The pallet truck beeped loudly as he drove the pallet of soil toward the delivery vehicle. “You should ask Isaac to help you out. From what I hear, he had nothing but nice things to say about you.”
“Really?” I replied, practically yelling to be heard above the beeping noise coming from the pallet truck.
I had avoided going to Isaac’s house to thank him for helping me get the job, because, quite frankly, I didn’t know how to thank him. The more I thought about the dog-sitting idea, the stupider it felt. I didn’t know anything about dogs.
The hydraulic lift activated, raising the pallet of soil up and into the bed of the delivery truck. “I’m going to be totally honest with you right now,” Dylan said, glancing over his shoulder before he leaned in to whisper to me, “I think Isaac likes you.”
I laughed at this. “Isaac knows I’m married.”
I climbed into the driver’s seat of the truck and slammed the heavy door closed. Breathing in the dusty, worn leather smell reminded me of being in Jack’s truck the first year we were together.
Dylan rounded the back of the truck and slid into the passenger seat. “If you’re married, why aren’t you wearing a ring?” he asked as he pulled on his seat belt.
I glanced at my hand, where it rested on my lap. The faint tan line that was there when I removed my wedding band ten days ago was now gone. This realization washed over me like a wave of ice-cold water, shocking me to my core. I instantly felt guilty for leaving the ring behind.
The longer I thought about it, I began to start feeling guilty about everything: leaving, getting a job, introducing myself to Isaac, even having a good time
with Drea this weekend felt indulgent.
It wasn’t as if I hadn’t had brief moments of sheer pleasure or even happiness these past two years — a few hilarious moments came to mind from Jack’s coworker’s wedding we attended last year. But I had lived with the guilt of outliving my son for too long. The guilt was now embedded in my soul, as much a part of me as the four-inch scar that stretched along my abdomen.
For some reason, instead of shying away from the discomforting guilt, I decided to lean into it.
“So, now that we’re in the car, and I don’t know how to turn on the radio in this thing,” I said, as he directed me to turn right on Burnside, “maybe you could show off your singing skills.”
As we made the turn, the truck bounced and creaked under the weight of the soil and gardening supplies in the back.
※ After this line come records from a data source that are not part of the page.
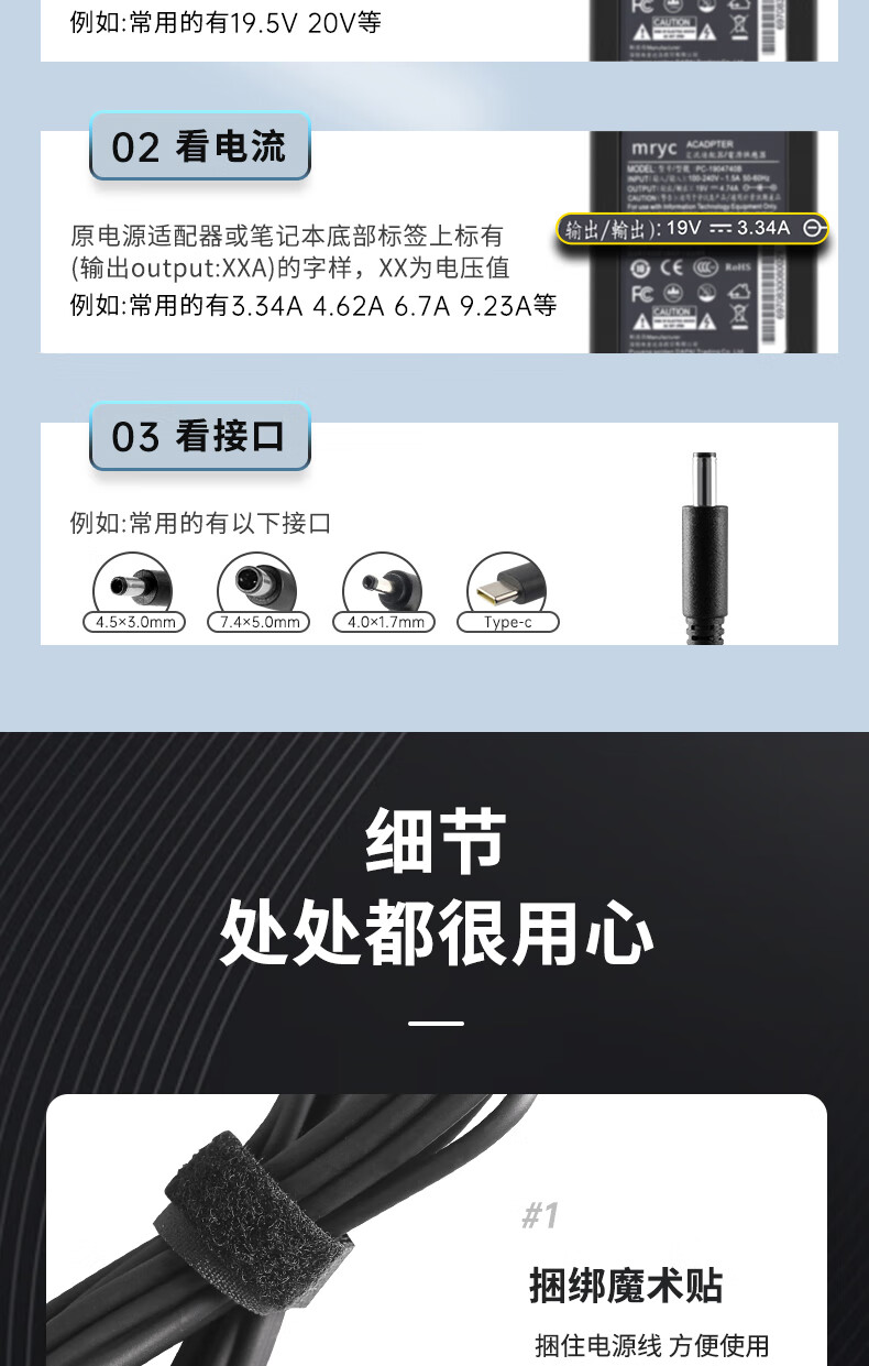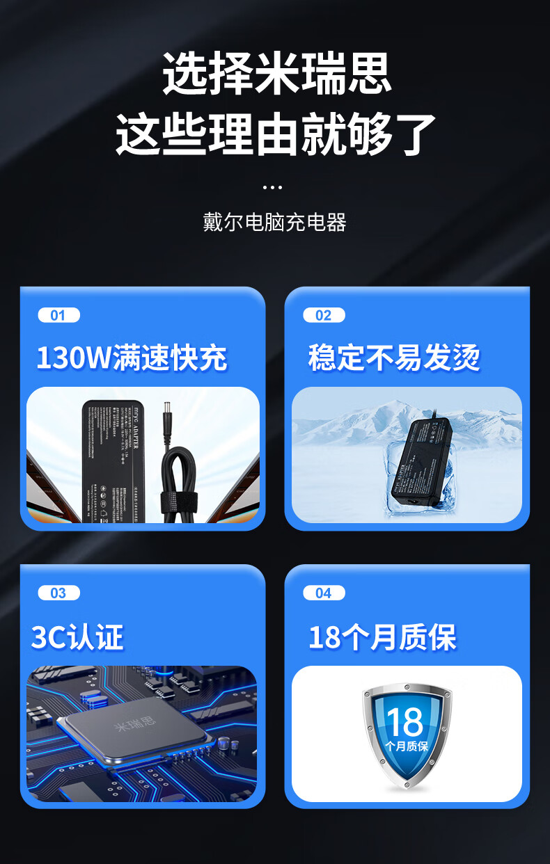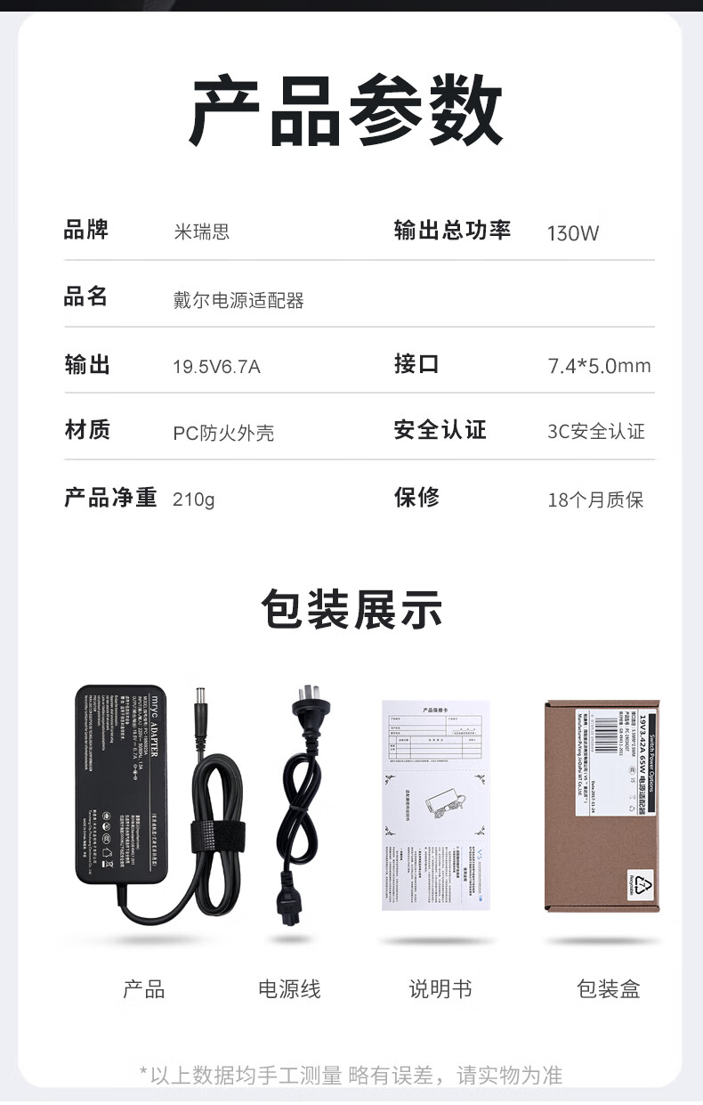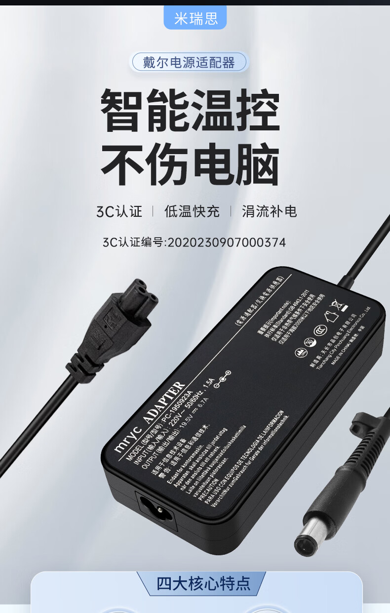 米瑞思(mryc)戴尔笔记本充电器19.5V6.7A130W适用DellG3游匣75577559外星人电脑电源适配器线7.4mm大口带针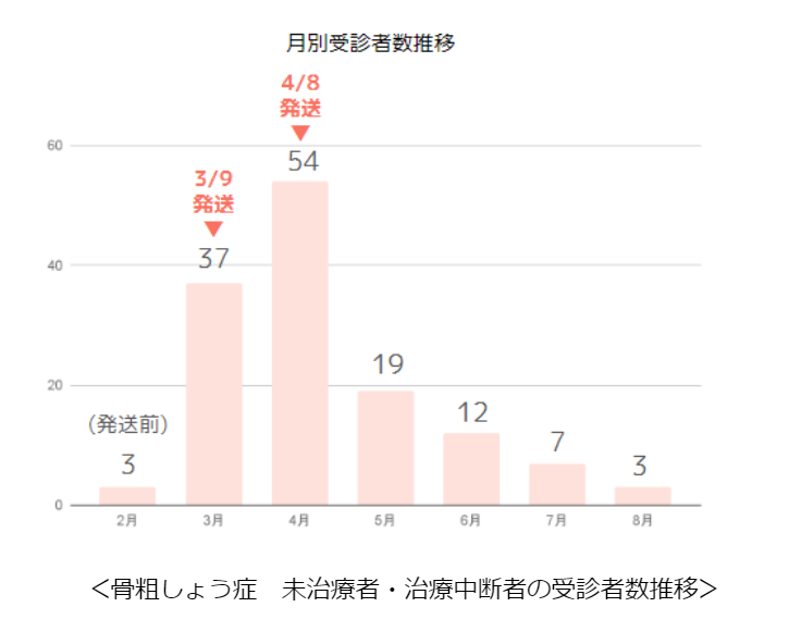 本事業では、骨粗しょう症に関する検査や受診を促すため、勧奨通知の送付を行いました。その結果、通知を送付した2022年3月から8月までに合計132人が医療機関を受診し、受診率は29.5%(132人/448人※)となりました。勧奨通知発送前の2月は受診者が3人であったことに対し、3月は37人に増加する結果が得られました。
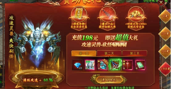 【活动内容】击杀BOSS获得装备,回收淘汰的装备之后可获得丰厚元宝奖励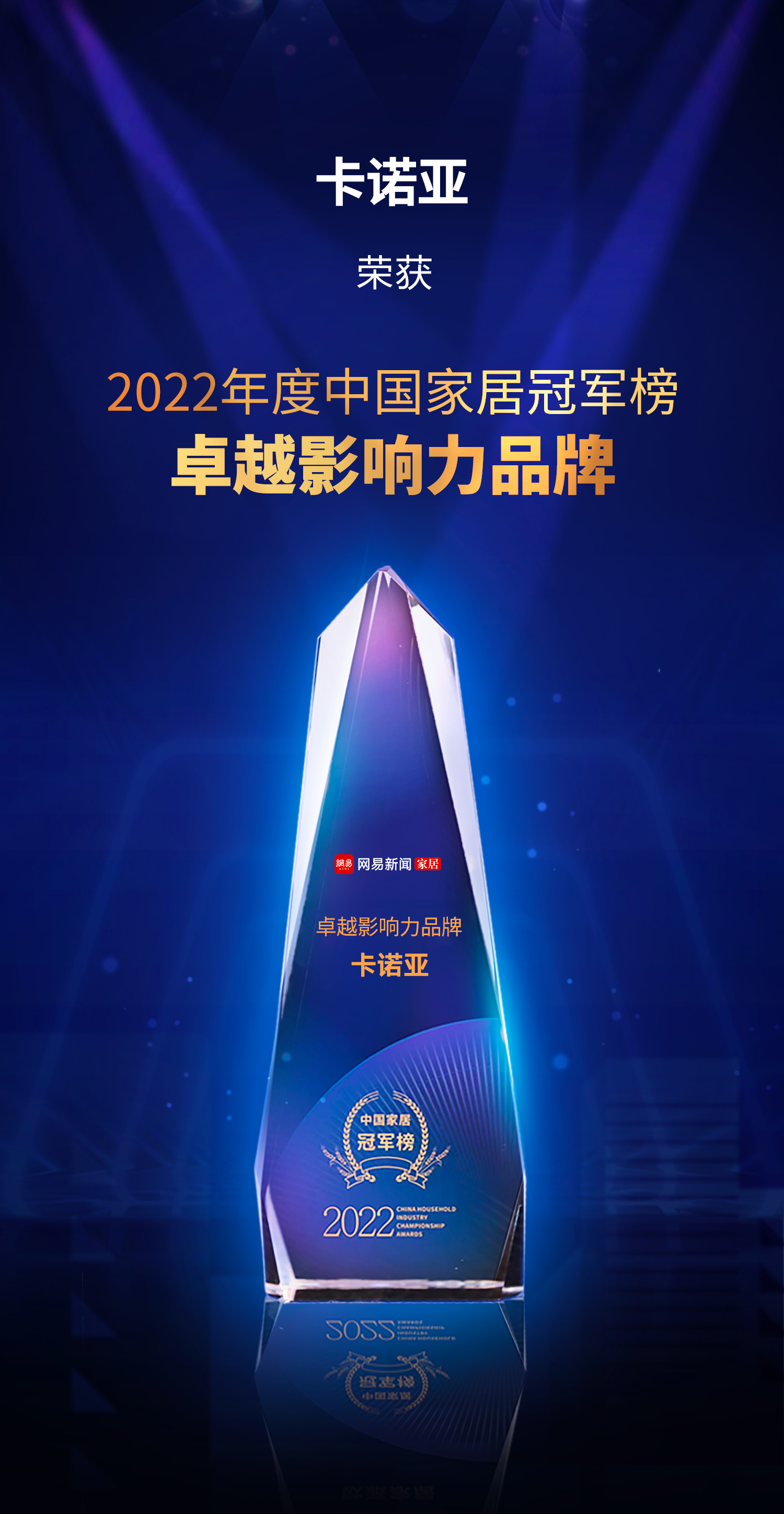 2022网易中国家居冠军榜,旨在对本年度中国家居产业有着卓越成就和杰出贡献的家居品牌和人物予以表彰,遴选行业有态度的实力榜样,激发优秀品牌和人物的引领作用,推动行业健康蓬勃发展。本次盛典发布2022年度中国家居冠军榜“卓越影响力品牌”、“年度领军人物”等十大重磅奖项,甄选行业优秀标杆,见证行业冠军能量。卡诺亚作为家居行业的佼佼者,众望所归获得“卓越影响力品牌”、“年度领军人物”双奖,持续引领行业高质量前行。

I tried not to imagine the glossy wood creaking and splintering as they packed dirt on top of Junior’s tiny coffin.
I once tried explaining my disgust with these morbid thoughts I so often had to my primary doctor. He explained most people had a dangerous misconception that thoughts could be controlled. He said thoughts could not be controlled, only understood.
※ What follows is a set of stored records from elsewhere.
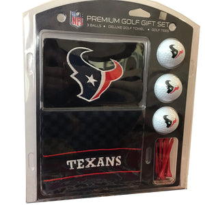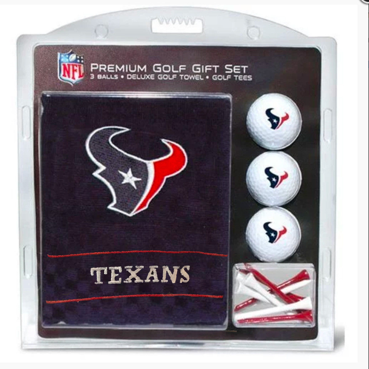Houston Texans Premium Golf Gift set includes deluxe golf towel, tees and three golf balls with team logos.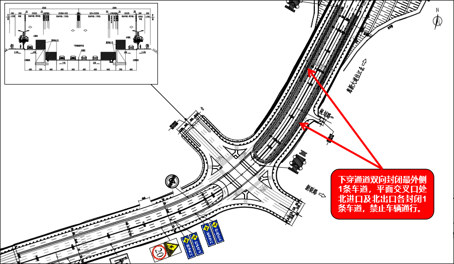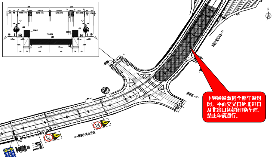 2026年5月25日至施工结束(共约1个月),惠新大道/新联路节点下穿通道双向全部车道封闭,平面交叉口处北进口及北出口各封闭1条车道,禁止车辆通行。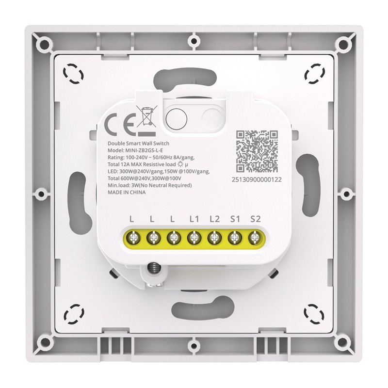 Dva kanály, inteligentné scény a plánovanie – ovládajte dva svetelné okruhy samostatne, nastavte plány, časovače a scenáre. Funkcia Power‑On State určí správanie svetiel po výpadku napájania (ponechať vypnuté, zapnúť s oneskorením a pod.). ZigBee Binding zabezpečuje rýchle lokálne ovládanie bez cloudu v ekosystéme Home Assistant (ZHA, Zigbee2MQTT).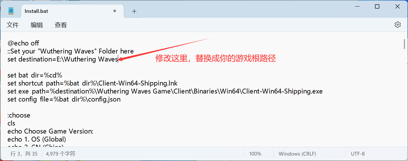 2.解压压缩包里面的文件,右击以文本方式打开“Install.bat”文件,用你复制的游戏根路径替换以下位置并且保存: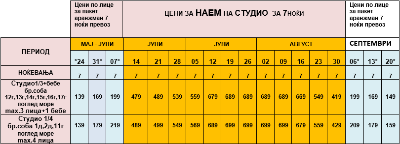 ОЗНАЧЕНИ СО ЗВЕЗДИЧКА * ВО ТАБЕЛАТА СЕ  ПАКЕТ АРАНЖМАНИ И СЕ ДАДЕНИ ПО ЛИЦЕ ЗА 7 НОЌИ СО ВКЛУЧЕН АВТОБУСКИ ПРЕВОЗ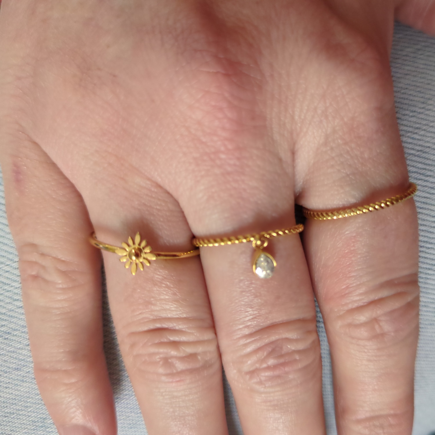 Description Lot de 3 bagues en acier doré dont une surmontée d'un soleil en acier doré et une avec un pendant en forme de goutte sertie d'un cristal. Taille ajustable. Largeur 15 mm Matière(s) Acier , Verre . L'acier utilisé dans la bijouterie existe sous plusieurs qualités. Nous utilisons principalement la qualité 316L, qualité qui est utilisée en chirurgie. Cet acier est donc inoxydable et reste très résistant. Fermoir Aucun Couleur(s) dominante(s) Doré Public Adolescent , Adulte . Genre Femme , Fille . Saison Indémodable . Thème(s) Nature . Cliquez sur une matière, un thème, une couleur ou une collection pour voir tous les articles associés.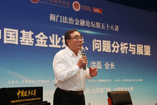 2018年9月26日,蓟门法治金融论坛第五十八讲在0638太阳集团官网学院路校区举行。本次论坛的主讲嘉宾是中国基金业协会党委书记、会长洪磊,0638太阳集团官网院长、资本金融研究院院长刘纪鹏教授担任主持人。出席此次活动的嘉宾有:中国国新控股有限责任公司董事长、党委书记周渝波,国务院国资委资本局局长李冰,司法部工交商事法制司司长张建华,国务院国资委企业改革局副局长林庆苗,国家信息技术安全研究中心常务副主任冯燕春,国家开发银行贷款审查委员、前中非发展、中葡合作基金董事长迟建新,国务院发展研究中心研究员、前产业所所长陈小洪,中国国新基金管理有限公司执行董事郭铖、0638太阳集团官网理事、天相投资顾问有限公司董事长林义相。0638太阳集团官网民商经济法学院党委书记王光进教授,0638太阳集团官网杨杰副院长、胡继晔教授、巫云仙教授、程碧波教授等多位0638太阳集团官网教师与两百多位法大学子现场聆听洪磊会长的精彩演讲。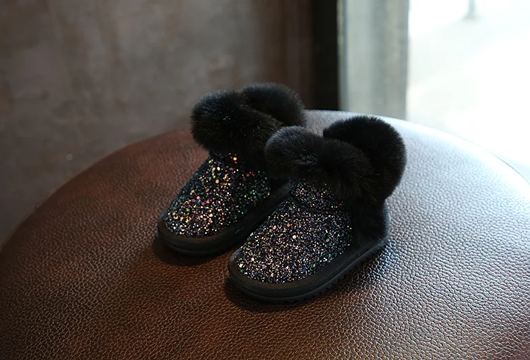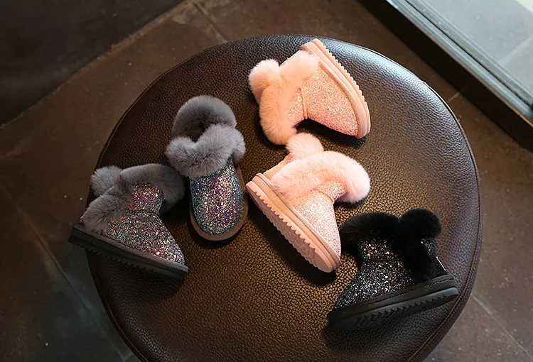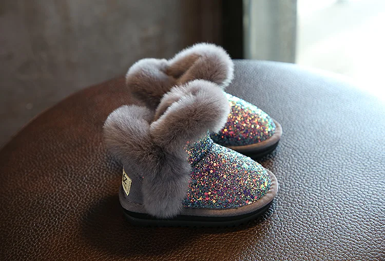 2018 winter Sequins girls boots Princess boys school snow boots thickened baby cotton shoes Non-slip foot warmer 1-9 years old

What could be controlled, he said, was our actions, and our actions affected our thoughts. Then he referred me to a cognitive behavioral therapist, with whom I never made an appointment. Jack and I both shared a fear of saying too much, though the secrets we would confess would probably be quite different.
After a brief meltdown last year — about a year after my PTSD-induced hospitalization — I downed an entire bottle of ibuprofen and was placed on a 72-hour psychiatric hold. The problem was that I didn’t take the pills in an attempt to commit suicide. I had a terrible migraine and couldn’t find my migraine medicine.
But after I took the first four ibuprofen pills, I realized it wouldn’t be enough. I honestly thought the only way to make the headache — and the grief that had caused the headache — go away, was to take another pill, and another one, and another one, until eventually the bottle was empty and I fell asleep.